Other goals concern what's called “elasticity” and “adequacy.”

We need a system that grows with the economy – bringing in more money not because it increases tax rates but because it's aligned with today's world of commerce.

And so the commission's recommendations included changes to create a 21st Century tax code for a 21st Century economy.

I want to thank the commission -- and its chairman, Lt. Gov.

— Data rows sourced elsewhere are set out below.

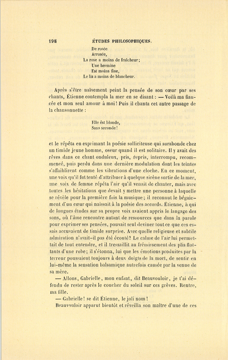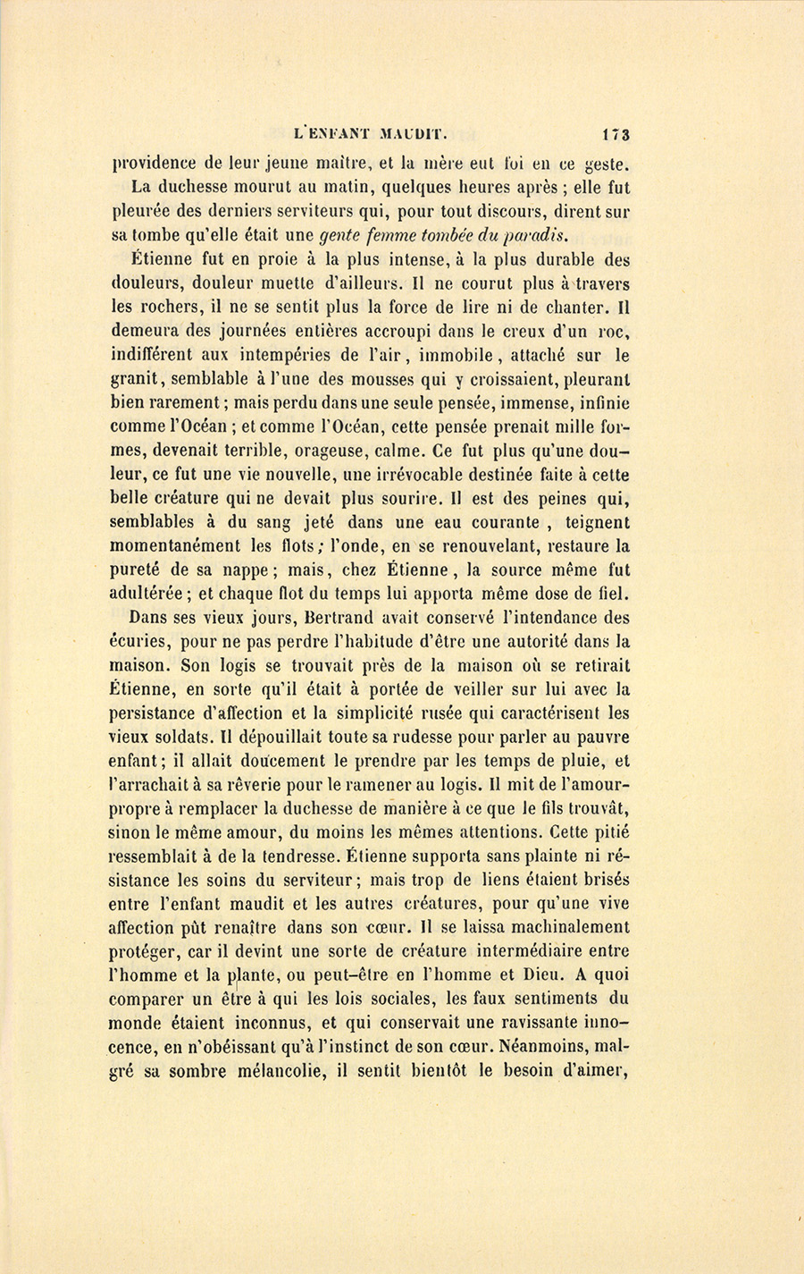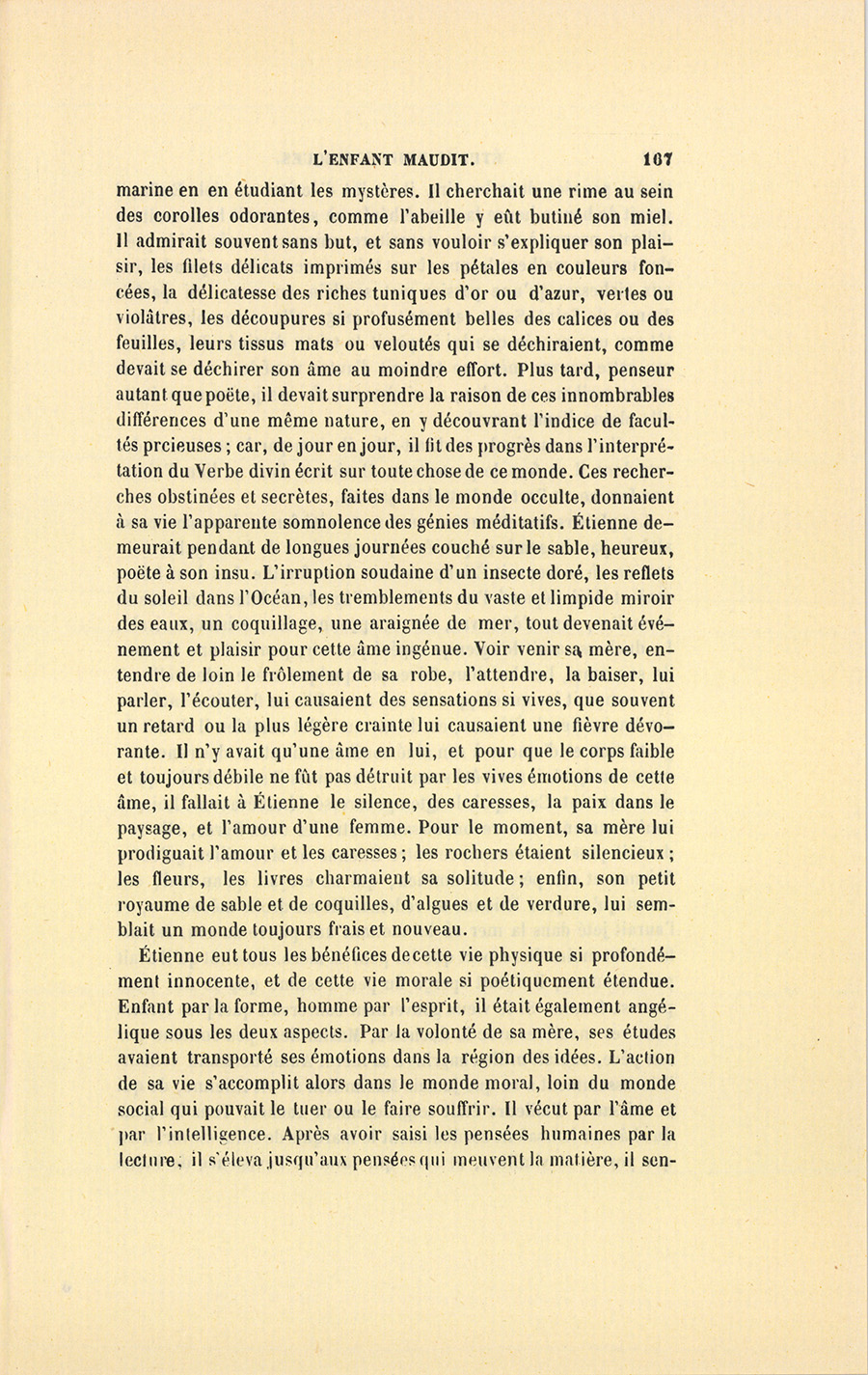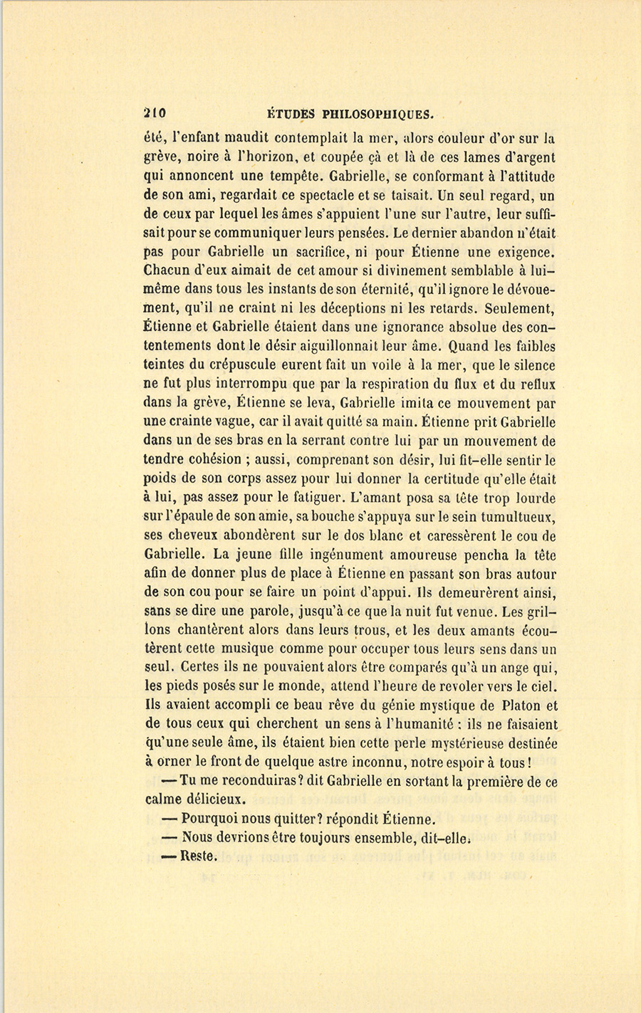 S’il fallait compter les jours, ce temps prit cinq mois ; s’il fallait compter les innombrables sensations, les pensées, les rêves, les regards, les fleurs écloses, les espérances réalisées, les joies sans fin, une chevelure dénouée et vétilleusement éparpillée, puis remise et ornée de fleurs, les discours interrompus, renoués, abandonnés, les rires folâtres, les pieds trempés dans la mer, les chasses enfantines faites à des coquillages cachés dans les rochers, les baisers, les surprises, les étreintes, mettez toute une vie, la mort se chargera de justifier le mot. Il est des existences toujours sombres, accomplies sous des cieux gris ; mais supposez un beau jour où le soleil enflamme un air bleu, tel fut le mai de leur tendresse pendant lequel Étienne avait suspendu toutes ses douleurs passées au cœur de Gabrielle, et la jeune fille avait rattaché ses joies à venir à celui de son seigneur. Étienne n’avait eu qu’une douleur dans sa {p. 208} vie, la mort de sa mère ; il ne devait y avoir qu’un seul amour, Gabrielle.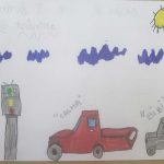 - Cada aluno representou com desenho o conteúdo discutido destacando algumas ações durante o trânsito.
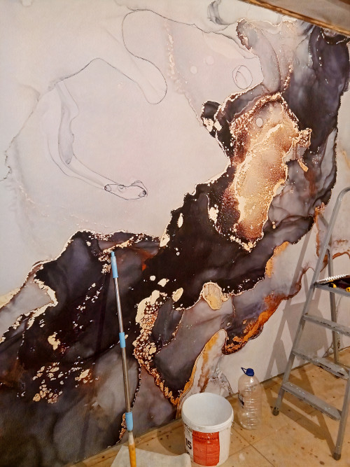 W celu zwiększenia odporności na wilgoć tapetę należy zalaminować lakierem.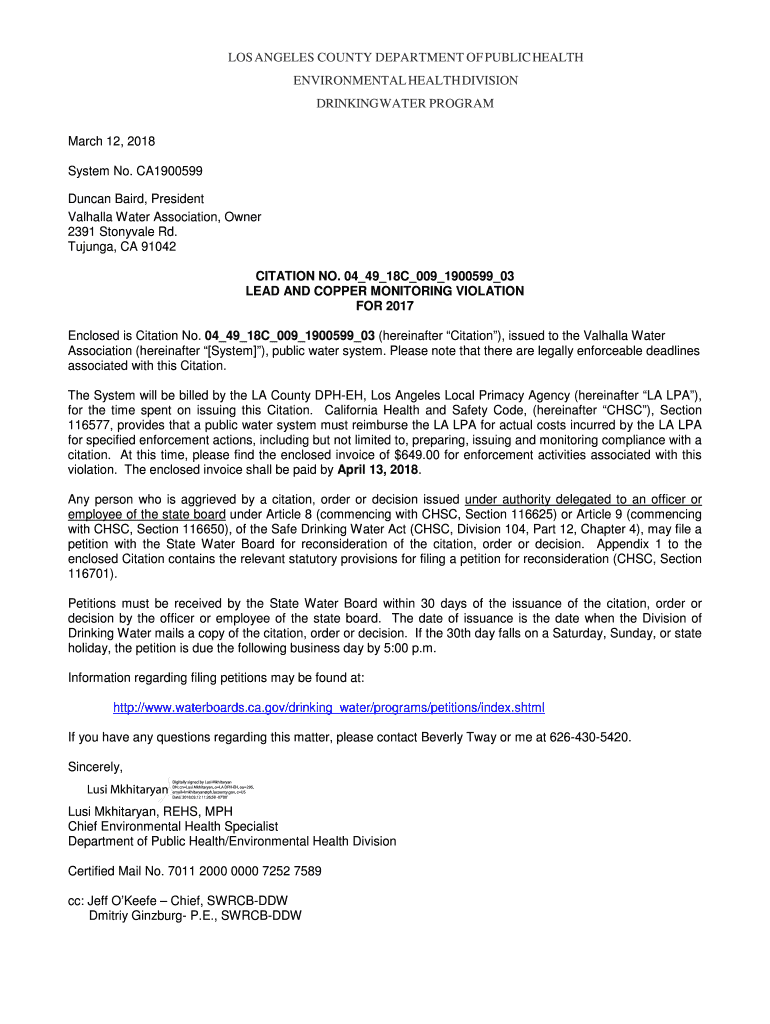 LOS ANGELES COUNTY DEPARTMENT OF PUBLIC HEALTH ENVIRONMENTAL HEALTH DIVISION DRINKING WATER PROGRAM March 12, 2018, System No. CA1900599 Duncan Baird, President Valhalla Water Association, Owner 2391

Abramson -- for their hard work.

I'm been evaluating their recommendations and have started to meet with leadership in both chambers to discuss what progress is feasible.

Again, I'm realistic.

What we will be able to pass in this session in the way of tax reform, or pension reform is not clear -- and yes, the two go together.

But we must use this time to begin finding consensus on these complex topics, because we must find solutions to them this year.

By the end of this session, we must have moved closer toward an agreement of both what needs to be done – and, just as important – how to pay for it.

Now, there are other critical issues that I hope will be addressed this session.

We need to tweak House Bill 1, the landmark prescription painkiller legislation that emerged from a special session last spring.

And notice I said “tweak.” We are not going to backtrack. Our families are suffering too much.

The passage of House Bill 1 declared our intent to bring integrity to prescription pain medication: by protecting patients who need legitimate relief by better educating all involved about the dangers of these drugs, and by targeting those destroying our communities with greed and recklessness.

President Stivers, Speaker Stumbo, Rep. John Tilley and retired Senator and now Judge Tom Jensen in particular should be commended for their tireless efforts on this issue.

Progress has been measurable:

·  When it came to non-medical use of prescription painkillers, Kentucky at one time had the 6th highest rate in the nation. But prescription drug abuse in Kentucky has dropped so much that we improved 24 spots.

·  Furthermore, nearly half of the state's known pain management clinics have closed rather than submit to new rules that protect patients.

·  The use of our nationally recognized prescription monitoring program, KASPER, has increased nearly seven-fold as providers work to ensure that painkillers are being used legally and effectively.

·  And prescriptions for some of the most abused drugs have dropped up to 14 percent from a year ago.

Nevertheless, as with most reform efforts, there are some minor instances where we can improve upon the new regulatory system.

And we should move quickly to do so.

But we are not – and I know President Stivers and Speaker Stumbo stand with me on this – we are not going to return Kentucky to the “prescription playground” that it was before House Bill 1.

*** Another big priority is the Graduation Bill.